Every line from the one with "Command : kinit" through the last line below should be repeated exactly; pictures stay out of the copy.

• _COLLECTED DATA_:

★ ★ ★

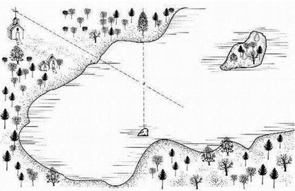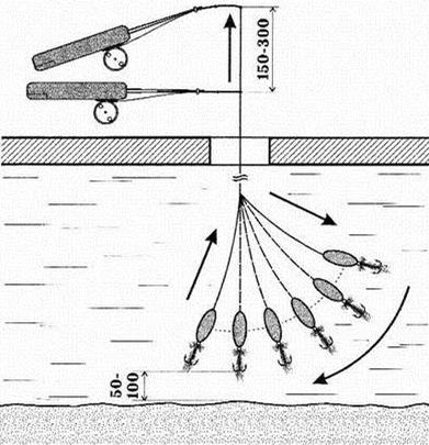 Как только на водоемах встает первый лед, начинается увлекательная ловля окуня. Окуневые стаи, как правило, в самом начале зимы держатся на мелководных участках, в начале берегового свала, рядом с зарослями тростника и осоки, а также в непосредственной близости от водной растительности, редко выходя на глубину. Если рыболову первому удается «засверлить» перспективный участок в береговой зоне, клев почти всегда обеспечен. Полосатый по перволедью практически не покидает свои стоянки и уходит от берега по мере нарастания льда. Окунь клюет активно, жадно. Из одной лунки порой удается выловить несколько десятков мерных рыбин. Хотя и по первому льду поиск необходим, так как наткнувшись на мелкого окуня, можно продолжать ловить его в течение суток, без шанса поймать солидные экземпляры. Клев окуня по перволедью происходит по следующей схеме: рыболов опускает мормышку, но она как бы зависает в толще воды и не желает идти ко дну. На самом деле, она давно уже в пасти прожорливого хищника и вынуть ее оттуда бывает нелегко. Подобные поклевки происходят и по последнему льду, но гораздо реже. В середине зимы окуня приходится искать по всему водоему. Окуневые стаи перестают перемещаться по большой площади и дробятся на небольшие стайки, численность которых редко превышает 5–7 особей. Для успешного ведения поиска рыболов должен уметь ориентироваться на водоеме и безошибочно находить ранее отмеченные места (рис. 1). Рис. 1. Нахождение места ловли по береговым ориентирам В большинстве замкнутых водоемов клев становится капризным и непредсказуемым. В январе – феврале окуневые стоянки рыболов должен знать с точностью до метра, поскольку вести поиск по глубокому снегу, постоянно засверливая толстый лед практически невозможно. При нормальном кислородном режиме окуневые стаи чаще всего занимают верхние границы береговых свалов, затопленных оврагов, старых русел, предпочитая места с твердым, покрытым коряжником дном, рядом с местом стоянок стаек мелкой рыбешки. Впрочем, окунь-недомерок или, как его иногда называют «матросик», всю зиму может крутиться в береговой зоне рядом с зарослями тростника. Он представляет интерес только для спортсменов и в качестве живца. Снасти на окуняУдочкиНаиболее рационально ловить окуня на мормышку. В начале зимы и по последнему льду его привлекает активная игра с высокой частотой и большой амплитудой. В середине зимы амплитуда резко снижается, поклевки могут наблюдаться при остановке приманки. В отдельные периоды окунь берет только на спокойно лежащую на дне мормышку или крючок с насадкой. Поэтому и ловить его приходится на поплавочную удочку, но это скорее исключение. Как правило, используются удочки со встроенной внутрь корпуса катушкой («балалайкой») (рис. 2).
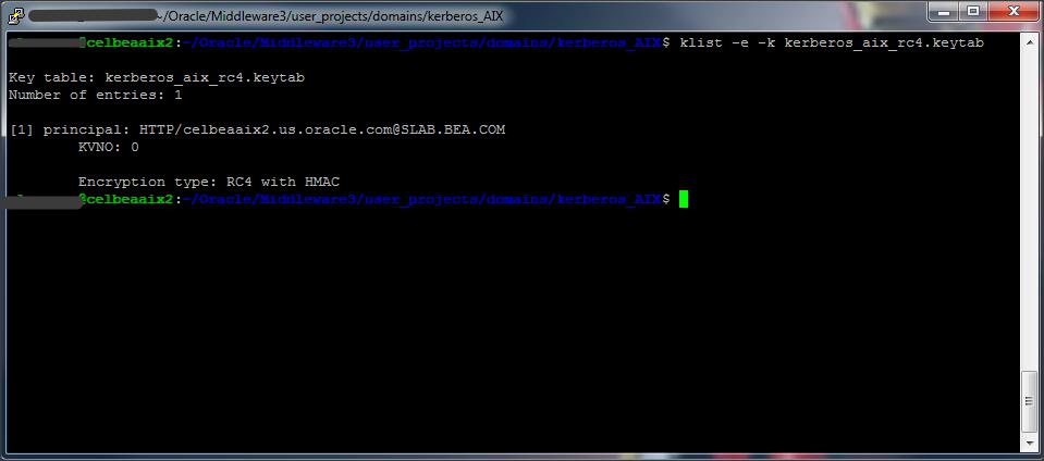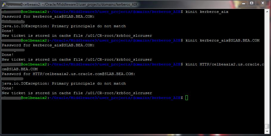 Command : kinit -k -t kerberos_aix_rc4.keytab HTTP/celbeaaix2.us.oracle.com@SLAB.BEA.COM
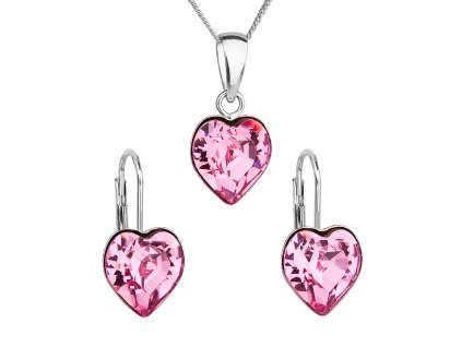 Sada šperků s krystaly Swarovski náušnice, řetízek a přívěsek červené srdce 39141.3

★ ★ ★

• _ANSWER TO THIS EXERCISE_:
 Command : kinit -k -t kerberos_aix_rc4.keytab HTTP/celbeaaix2.us.oracle.com@SLAB.BEA.COM
 Sada šperků s krystaly Swarovski náušnice, řetízek a přívěsek červené srdce 39141.3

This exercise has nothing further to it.